(Task item) Among the lines of the listing below, retype exactly those from the one containing "You are purchasing" through the one containing "BSTKEY Natural Water", both included. Do not include pictures.

(Given data)
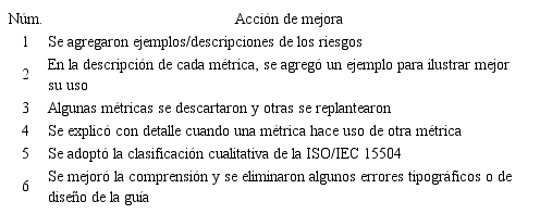 La Tabla 8 resume las acciones de mejora implementadas sobre el conjunto inicial de riesgos y métricas propuestas.
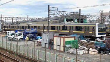 本日、幕張車両センター内においてマリC614編成の5号車のパンタグラフ舟体と避雷器の撤去が確認され、モハ209(モハ208)-2127が抜かれて4両編成へ短編成化されました。
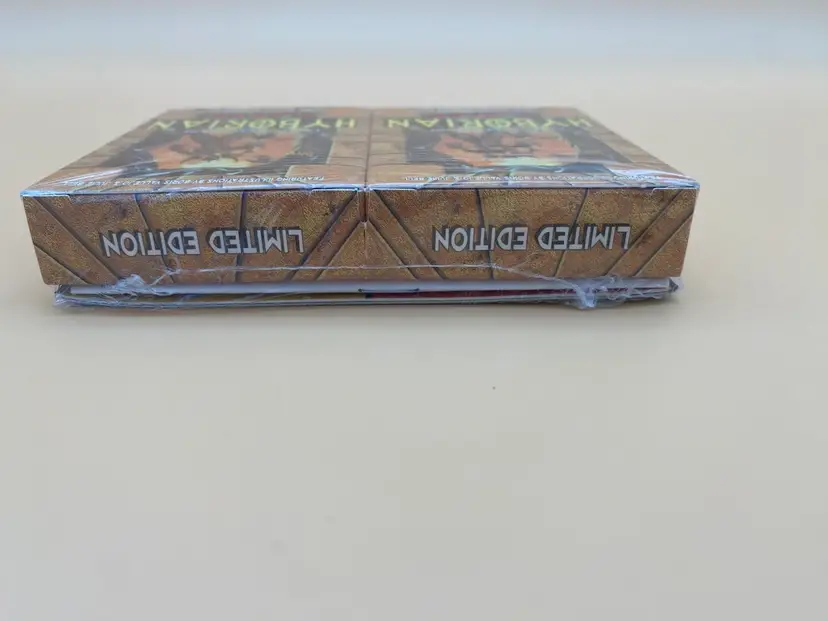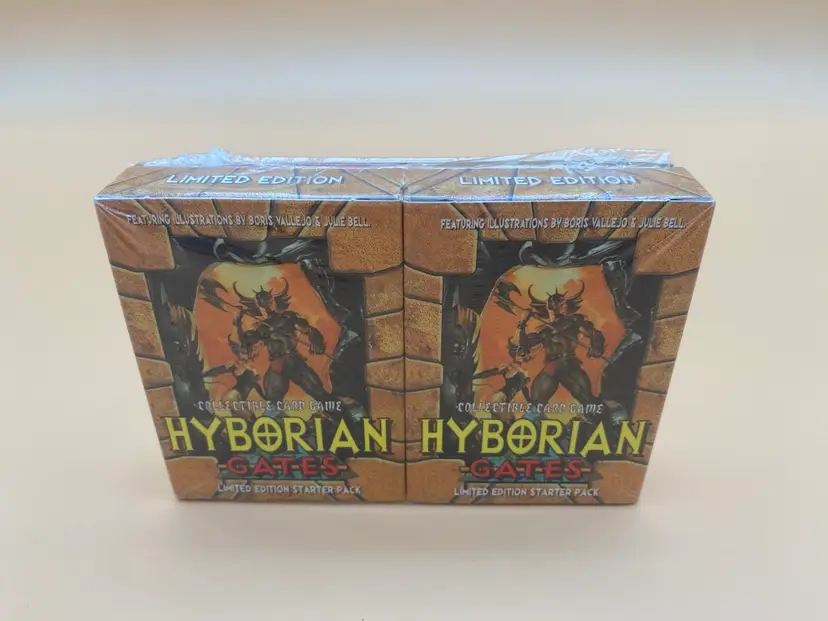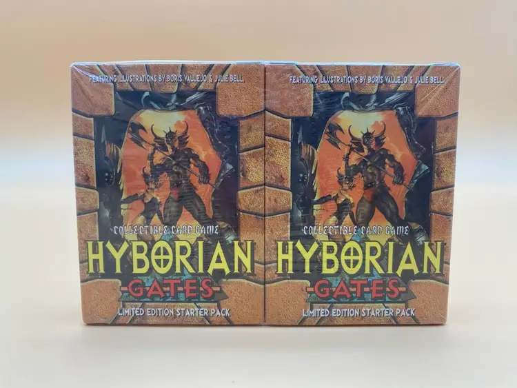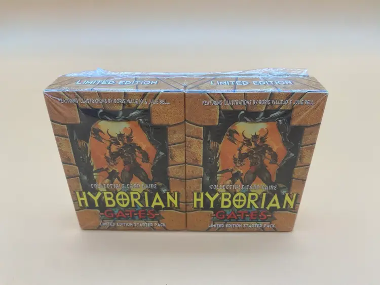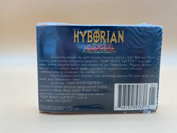 You are purchasing one Hyborian Gates CCG Limited Edition Starter Pack by Cardz from 1995. This Pack includes two 55-Card Decks, Rule Book and Dimension Cards. This Set is new and sealed in its original packaging.
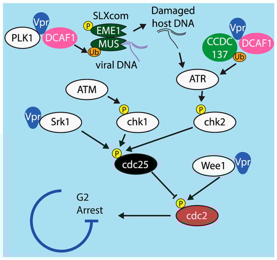 There is significant evidence that Vpr also arrests the cell cycle via the other regulator of cdc2 activity, cdc25. During the normal cell cycle, tyrosine residues on cdc2 are de-phosphorylated by the phosphatase cdc25. Vpr has been shown to inhibit cdc25, leading to hyperphosphorylation of cdc2 [174]. Moreover, cdc25 is under the control of at least three upstream kinases: chk1, which is in turn controlled by ATM; chk2, which is controlled by ATR; and Srk1, which is activated by various stress responses [175]. Of these, only ATM is definitively not involved in Vpr-mediated arrest [174]. One study found that Srk1 is directly bound by Vpr, which increases Srk1-mediated phosphorylation of cdc25. This reduces cdc25 activity and prevents de-phosphorylation of cdc2 [176].
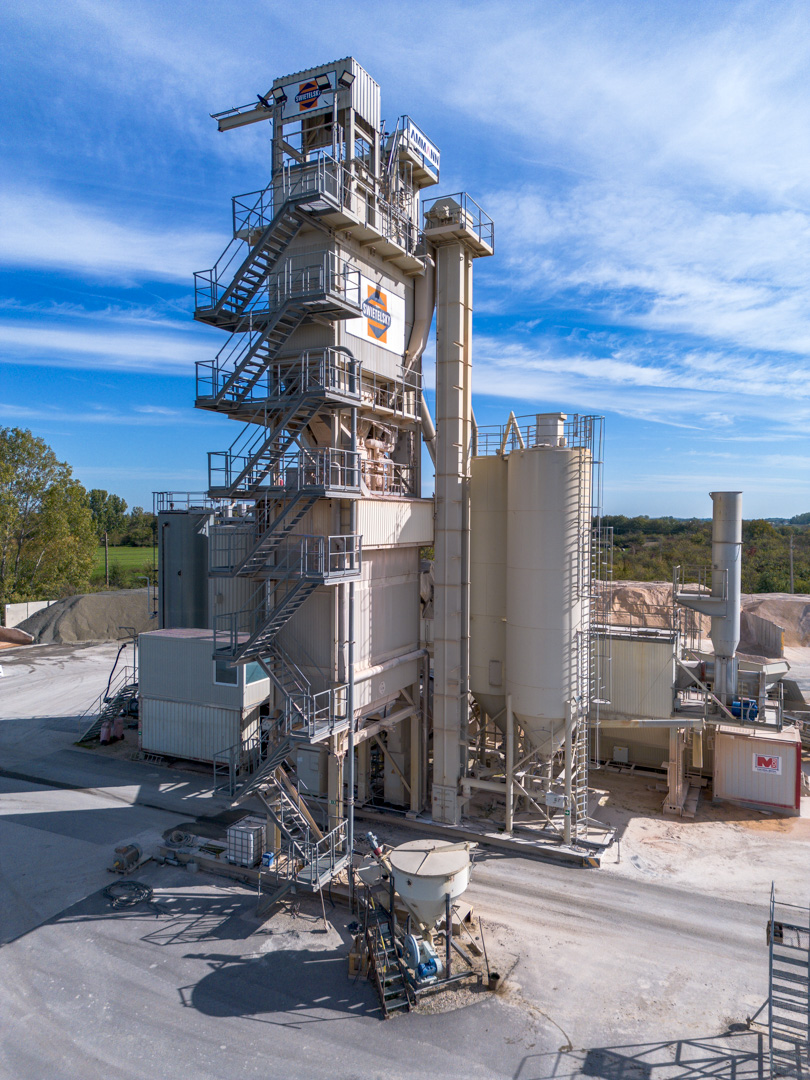 A keverőből a szállítószalagon a hevítődobba megy, majd az elevátor felviszi az osztályozó rostára. A különválasztott frakciókat bemérik, melyikből mennyi menjen a keverőbe, ahol felhevítik, illetve mészkőlisztet és bitument adnak hozzá. Onnan a készanyagtárolóba kerül, ahonnan 180 fok körüli anyagot adnak ki.
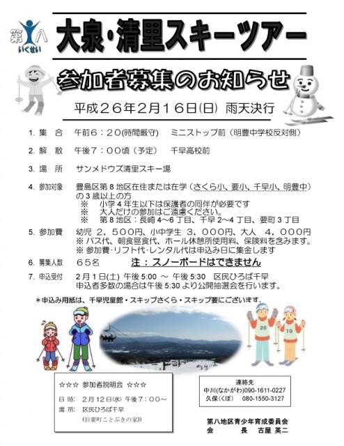 【 12月 】 ■ [要町三丁目町会] 古紙回収 日時:12月21日(日) 9時30分~ 各戸玄関前まで回収に伺います 【 1月 】 ■ 第17回 ふるさと千川どんど焼き 日時:1月11日(日) 10時00分~12時00分 会場:ふるさと千川ひろば 獅子舞ほか伝統芸能、芋のこ汁、おしるこ ■ [要町三丁目町会] 古紙回収 日時:1月25日(日) 9時30分~ 各戸玄関前まで回収に伺います
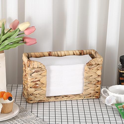 BSTKEY Natural Water Hyacinth Paper Towel Holder, Hand Woven Folded Tissue Paper Dispenser Guest Towel Dispenser Household Countertop Napkin Holder Paper Holder
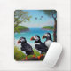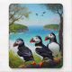 Pictured In A Oil Paint Design Are Three Puffins On A Tree Branch Overlooking The Ocean.

(Expected output)
 You are purchasing one Hyborian Gates CCG Limited Edition Starter Pack by Cardz from 1995. This Pack includes two 55-Card Decks, Rule Book and Dimension Cards. This Set is new and sealed in its original packaging.
 There is significant evidence that Vpr also arrests the cell cycle via the other regulator of cdc2 activity, cdc25. During the normal cell cycle, tyrosine residues on cdc2 are de-phosphorylated by the phosphatase cdc25. Vpr has been shown to inhibit cdc25, leading to hyperphosphorylation of cdc2 [174]. Moreover, cdc25 is under the control of at least three upstream kinases: chk1, which is in turn controlled by ATM; chk2, which is controlled by ATR; and Srk1, which is activated by various stress responses [175]. Of these, only ATM is definitively not involved in Vpr-mediated arrest [174]. One study found that Srk1 is directly bound by Vpr, which increases Srk1-mediated phosphorylation of cdc25. This reduces cdc25 activity and prevents de-phosphorylation of cdc2 [176].
 A keverőből a szállítószalagon a hevítődobba megy, majd az elevátor felviszi az osztályozó rostára. A különválasztott frakciókat bemérik, melyikből mennyi menjen a keverőbe, ahol felhevítik, illetve mészkőlisztet és bitument adnak hozzá. Onnan a készanyagtárolóba kerül, ahonnan 180 fok körüli anyagot adnak ki.
 【 12月 】 ■ [要町三丁目町会] 古紙回収 日時:12月21日(日) 9時30分~ 各戸玄関前まで回収に伺います 【 1月 】 ■ 第17回 ふるさと千川どんど焼き 日時:1月11日(日) 10時00分~12時00分 会場:ふるさと千川ひろば 獅子舞ほか伝統芸能、芋のこ汁、おしるこ ■ [要町三丁目町会] 古紙回収 日時:1月25日(日) 9時30分~ 各戸玄関前まで回収に伺います
 BSTKEY Natural Water Hyacinth Paper Towel Holder, Hand Woven Folded Tissue Paper Dispenser Guest Towel Dispenser Household Countertop Napkin Holder Paper Holder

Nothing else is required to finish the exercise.